- _Problem details_: Using the data below, output a verbatim copy of the lines between the one holding "速度是反映用户网络体验的重要" and the one holding "El grupo de", inclusive, without any pictures.

- _Extracted data_:
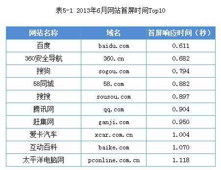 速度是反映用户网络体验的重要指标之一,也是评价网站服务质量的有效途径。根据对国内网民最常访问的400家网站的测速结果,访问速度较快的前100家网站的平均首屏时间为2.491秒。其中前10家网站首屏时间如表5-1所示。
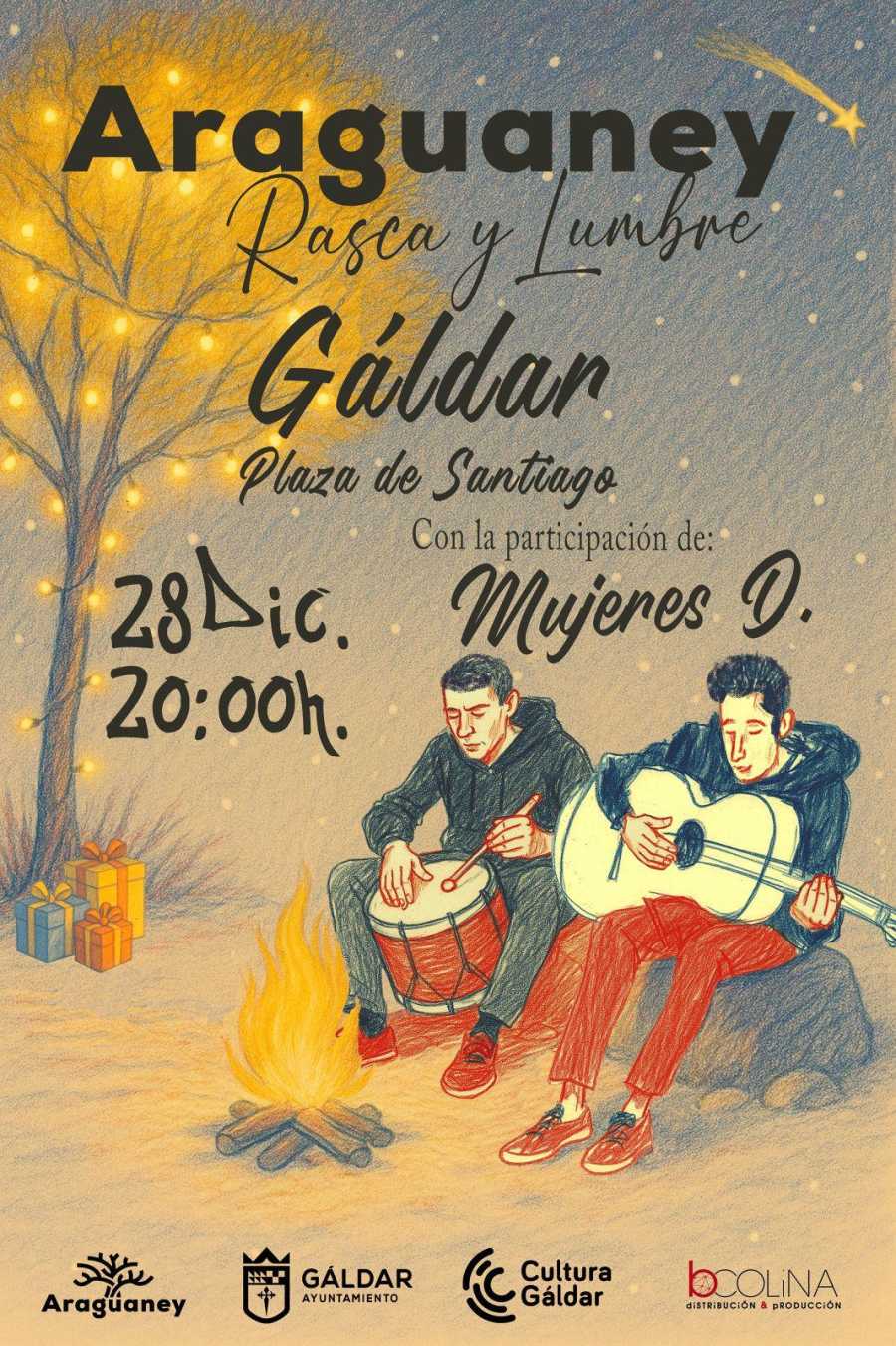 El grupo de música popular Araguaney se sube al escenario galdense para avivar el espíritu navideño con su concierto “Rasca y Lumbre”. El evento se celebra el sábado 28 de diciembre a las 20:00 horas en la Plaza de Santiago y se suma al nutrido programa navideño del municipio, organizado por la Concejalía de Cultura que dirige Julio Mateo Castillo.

--

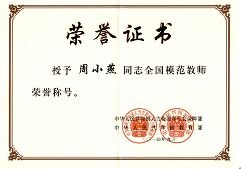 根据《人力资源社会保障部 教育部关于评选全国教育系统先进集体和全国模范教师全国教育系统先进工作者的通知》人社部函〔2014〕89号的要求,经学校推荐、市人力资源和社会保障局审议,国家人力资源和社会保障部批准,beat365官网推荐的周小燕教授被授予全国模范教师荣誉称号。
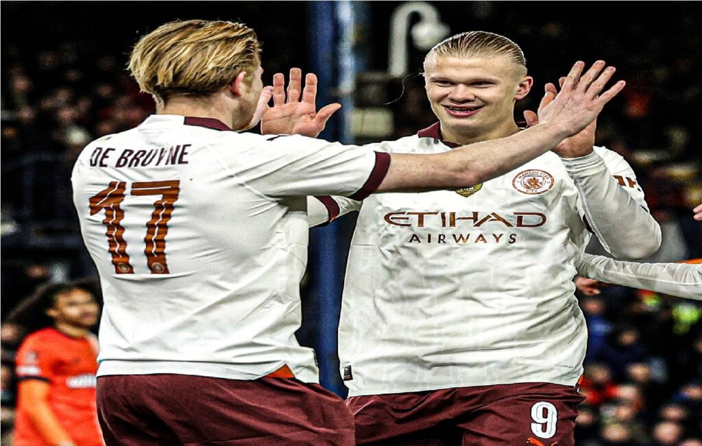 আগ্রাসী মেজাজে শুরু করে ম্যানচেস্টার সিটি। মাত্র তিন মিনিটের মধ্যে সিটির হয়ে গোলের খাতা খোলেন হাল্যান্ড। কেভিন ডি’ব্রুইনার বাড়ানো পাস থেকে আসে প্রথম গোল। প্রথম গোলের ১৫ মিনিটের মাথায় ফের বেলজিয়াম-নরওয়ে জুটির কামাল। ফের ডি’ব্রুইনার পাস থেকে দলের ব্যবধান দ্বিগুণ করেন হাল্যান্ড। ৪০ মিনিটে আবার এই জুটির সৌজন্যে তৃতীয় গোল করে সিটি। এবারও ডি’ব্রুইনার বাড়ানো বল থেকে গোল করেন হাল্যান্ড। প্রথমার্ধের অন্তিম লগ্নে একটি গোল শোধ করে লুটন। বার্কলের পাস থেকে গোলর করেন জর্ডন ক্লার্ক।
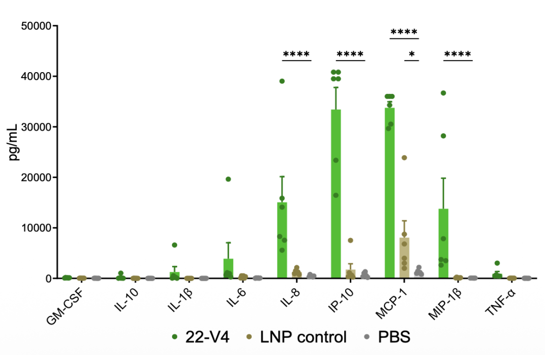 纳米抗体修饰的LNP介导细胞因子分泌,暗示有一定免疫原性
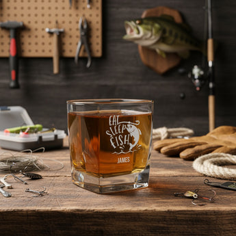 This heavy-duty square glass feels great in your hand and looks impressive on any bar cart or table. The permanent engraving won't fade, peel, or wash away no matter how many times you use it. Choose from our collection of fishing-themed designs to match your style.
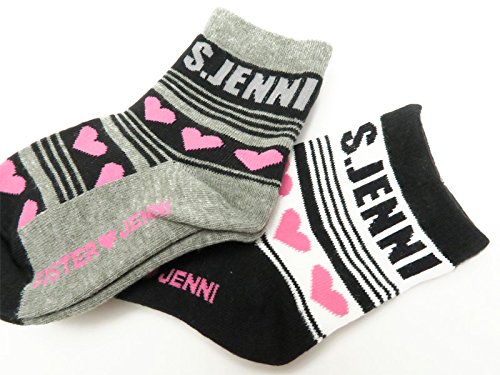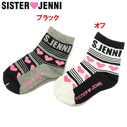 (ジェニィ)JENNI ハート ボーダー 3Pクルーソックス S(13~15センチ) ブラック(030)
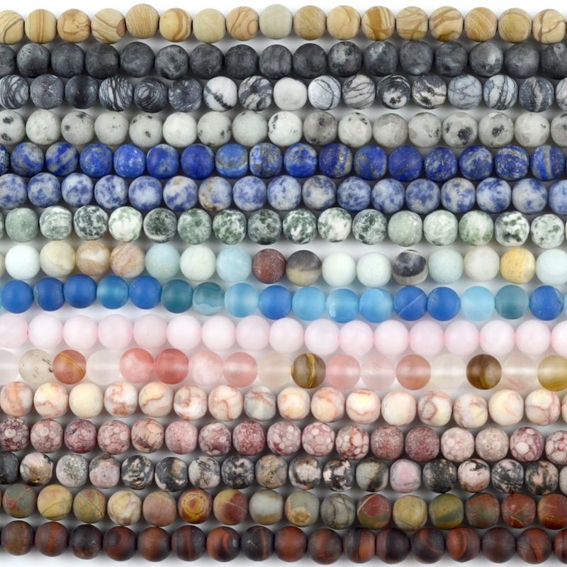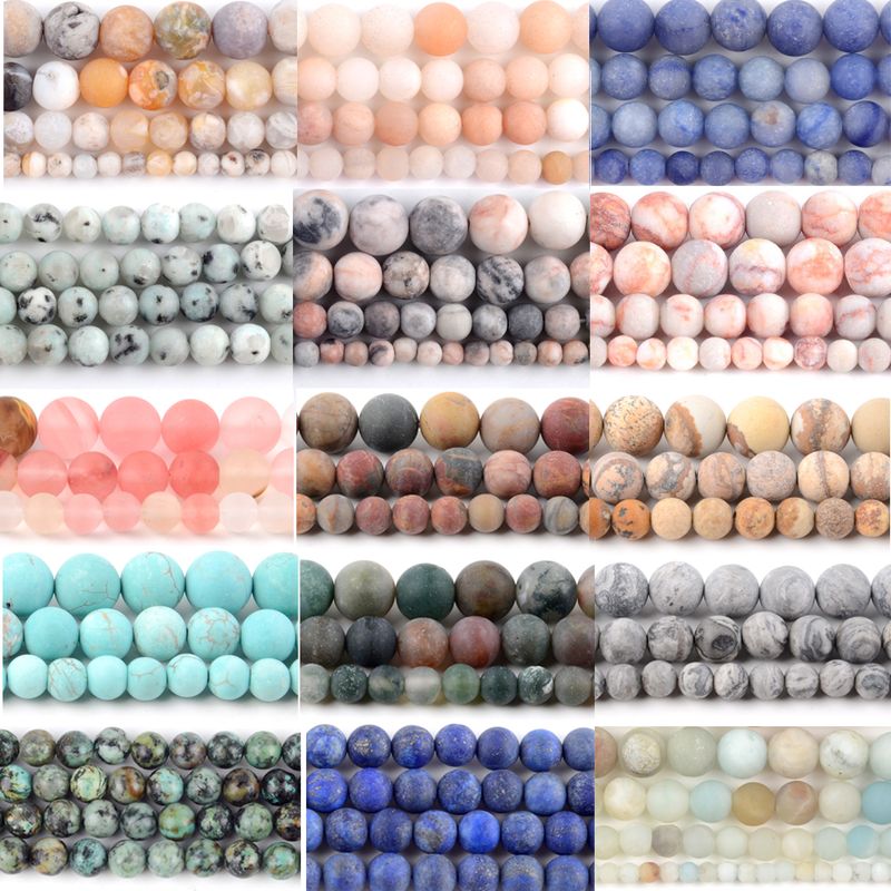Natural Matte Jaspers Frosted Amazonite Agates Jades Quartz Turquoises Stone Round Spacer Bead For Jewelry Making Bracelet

* * *

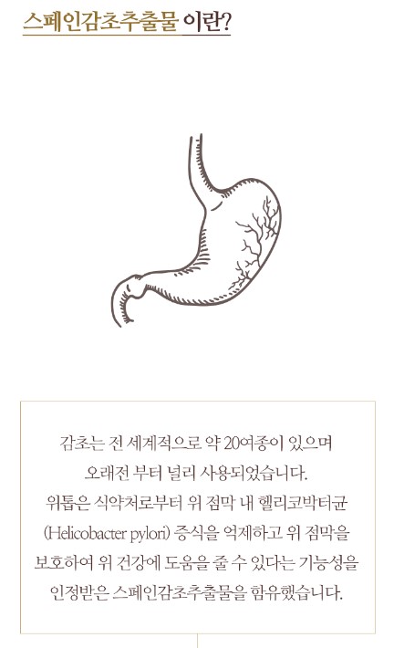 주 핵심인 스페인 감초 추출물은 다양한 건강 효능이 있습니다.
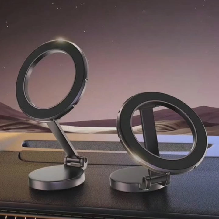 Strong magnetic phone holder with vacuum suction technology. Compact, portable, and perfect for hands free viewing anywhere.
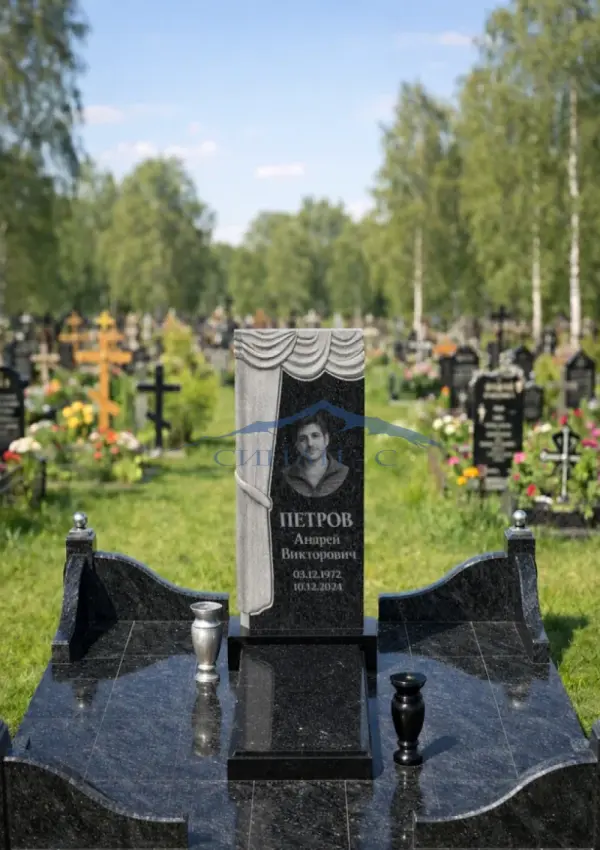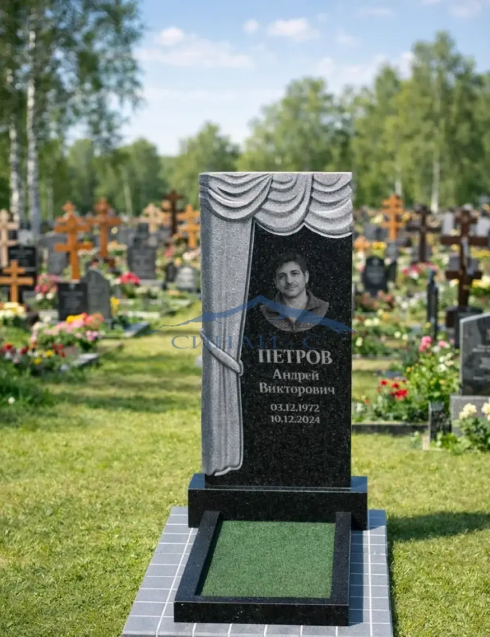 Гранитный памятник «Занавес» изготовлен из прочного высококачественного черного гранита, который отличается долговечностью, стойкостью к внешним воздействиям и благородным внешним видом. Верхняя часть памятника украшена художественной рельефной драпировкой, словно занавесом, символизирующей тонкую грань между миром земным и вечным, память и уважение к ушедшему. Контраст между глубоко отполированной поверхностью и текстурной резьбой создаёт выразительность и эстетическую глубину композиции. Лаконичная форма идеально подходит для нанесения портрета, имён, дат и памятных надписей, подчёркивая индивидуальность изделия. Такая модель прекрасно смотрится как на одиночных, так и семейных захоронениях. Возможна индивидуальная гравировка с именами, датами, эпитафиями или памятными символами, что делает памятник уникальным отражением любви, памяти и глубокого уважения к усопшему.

- _Task result_:
 速度是反映用户网络体验的重要指标之一,也是评价网站服务质量的有效途径。根据对国内网民最常访问的400家网站的测速结果,访问速度较快的前100家网站的平均首屏时间为2.491秒。其中前10家网站首屏时间如表5-1所示。
 El grupo de música popular Araguaney se sube al escenario galdense para avivar el espíritu navideño con su concierto “Rasca y Lumbre”. El evento se celebra el sábado 28 de diciembre a las 20:00 horas en la Plaza de Santiago y se suma al nutrido programa navideño del municipio, organizado por la Concejalía de Cultura que dirige Julio Mateo Castillo.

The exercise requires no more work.